Twin Sharks captures top honours at the Jai-Dee Regatta
Photography by Scott Murray
If you wanted some reassurance that Phuket was starting to wind its way back from the COVID doldrums you just had to be on hand for the hooting, hollering and good times to be had at the recent Jai-Dee (meaning kind-hearted in Thai) Regatta organized by the Phuket Yacht Club (PYC).
The PYC has proved to be a beacon of light and hope for local sailors during the global pandemic as it is now staging the third annual Jai-Dee Regatta and the sixth major sailing event since the pandemic started. This was the first regatta under new PYC Commodore Peter Dyer and Regatta Organizer Warwick Downes as Scott Duncanson is now the club’s Vice Commodore and will be focused on growing the club’s junior sailing program.
The idea for this regatta and the Club’s Sailor’s Regatta in March was to hold an affordable no frills regattas, no goody bags or T-shirts and just one final party on the last night, making it affordable for all to compete. And it was originally seen as a feeder race for the Phuket King’s Cup, which unfortunately has not been held since 2019.
The wind gods were a little more agreeable on the final day of the regatta allowing PRO Simon James to get in a circumnavigation of Ao Chalong taking racers out pass the safe water mark and back again.
John Newnham’s Twin Sharks did it again; the experienced crew won three of seven races to capture the coveted Multihull Class. John Spencer’s Zero (formerly Phantom 5) came second in the class with Hans Rahmann’s Voodoo finishing third, Dan Fidock’s Fugazi fourth, George Eddings’ Blue Noze in fifth, John Coffin’s Fez in sixth, Glywn Rowlands Twister 2 in seventh with Bill Kane’s The Sting rounding out the eight-boat Multihull class.
The four-boat Multi Racing Division was also won by Twin Sharks, followed by friendly rival Voodoo, Blue Noze and Fugazi, though Fugazi captured line honours race after race. Unfortunately, Fugazi’s owner Dan Fidock had business matters to attend and couldn’t participate in the regatta.
Multi Cruising Division Class
The Multi Cruising division class saw Alan Carwardine’s three Stealth battle it out with John Spencer’s Zero taking top spot, followed by John Coffin’s Fez and Glywn Rowlands Twister 2, Bill Kane’s The Sting (the only non Stealth) took fourth place in this division. Glywn by the way was a former Emirates pilot who learned to fly with the Royal Air Force.
The three-boat Monohull IRC class saw a heartbreaker for Andrew McDermott’s Jessandra II who lost the day’s first race, a two-hour jaunt around Ao Chalong by fourteen seconds to rival Niels Degenkolw’s Phoenix. Torben Kristensen’s Kinnon (with PYV Commodore Peter Dyer on board) came third in the class.
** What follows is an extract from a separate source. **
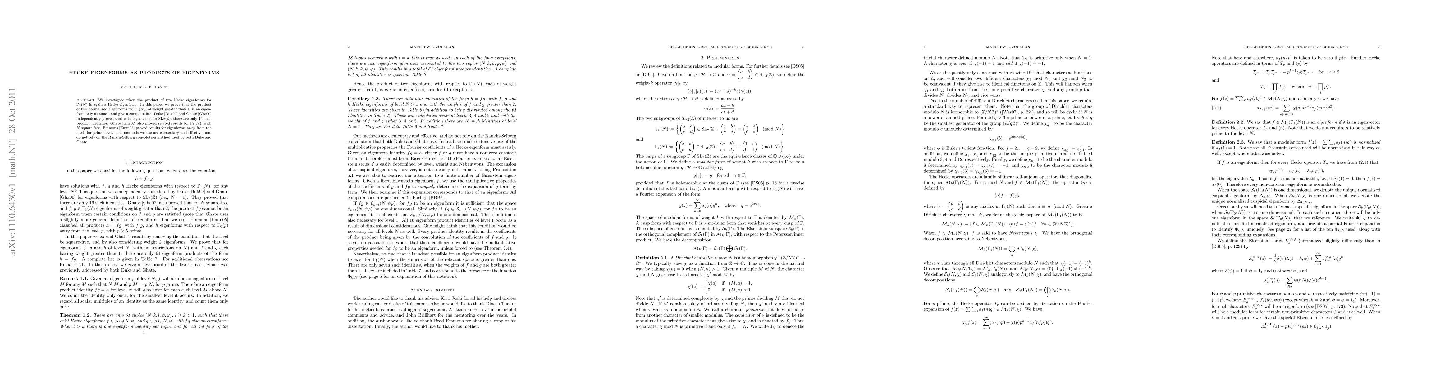 This paper explores conditions under which the product of two Hecke eigenforms for the congruence subgroup \(\Gamma_1(N)\) remains a Hecke eigenform. It concludes that such products are rare, occurring only 61 times for normalized eigenforms of weight greater than 1, and provides a complete list. The study employs elementary methods distinct from the Rankin-Selberg convolution method used by Duke and Ghate.

The Jessandra II crew has come so far in such a short period of time and it was terrific to see them do so well on the water.
The five-boat Monohull PHS division saw positions one through three repeated (Phoenix, Jessandra II & Kinnon ) with Kirill Stasthevsky’s Russian crew on Andaman Discovery coming in fourth and Martyn Henman’s Second Nature in fifth.
Mike Downard’s crew on Dragon took the three-boat Sail-in-Asia Platu class. Jon Oeygard’s Tiger came second as its two DNSs on day one hurt cost it a shot at the class title. Dan Evilsiser’s Wolf finished third in the class.
The Cholomark Boat Company was kind enough to donate a Highfield tender to the regatta. The PYC committee decided to auction it off at the prize-giving ceremony and auctioneer Andrew McDermott spun some magic getting John Spencer to pay Bt92,000 for it – money that will come in very handy for the club.
The three days on the water were enjoyed by all; the Phuket Yacht Club and regatta organizer Warwick Downes did a great job of putting the regatta together and the last thing on anyone’s mind was the new Omicron variant.
And a big thank you to John Newnham for donating the photography boat and Mark Bierne, a retired firefighter from Washington state, for navigating it.
The Phuket Yacht Club is a non-profit organization that has been operating in Chalong Bay for over 25 years. Affiliated with the Yacht Racing Association of Thailand (YRAT) and the International Sailing Schools Association (ISSA) the club hosts regular club racing for keel boats and Multihulls, three annual regattas and a very successful inshore sailing school for both youth and adults.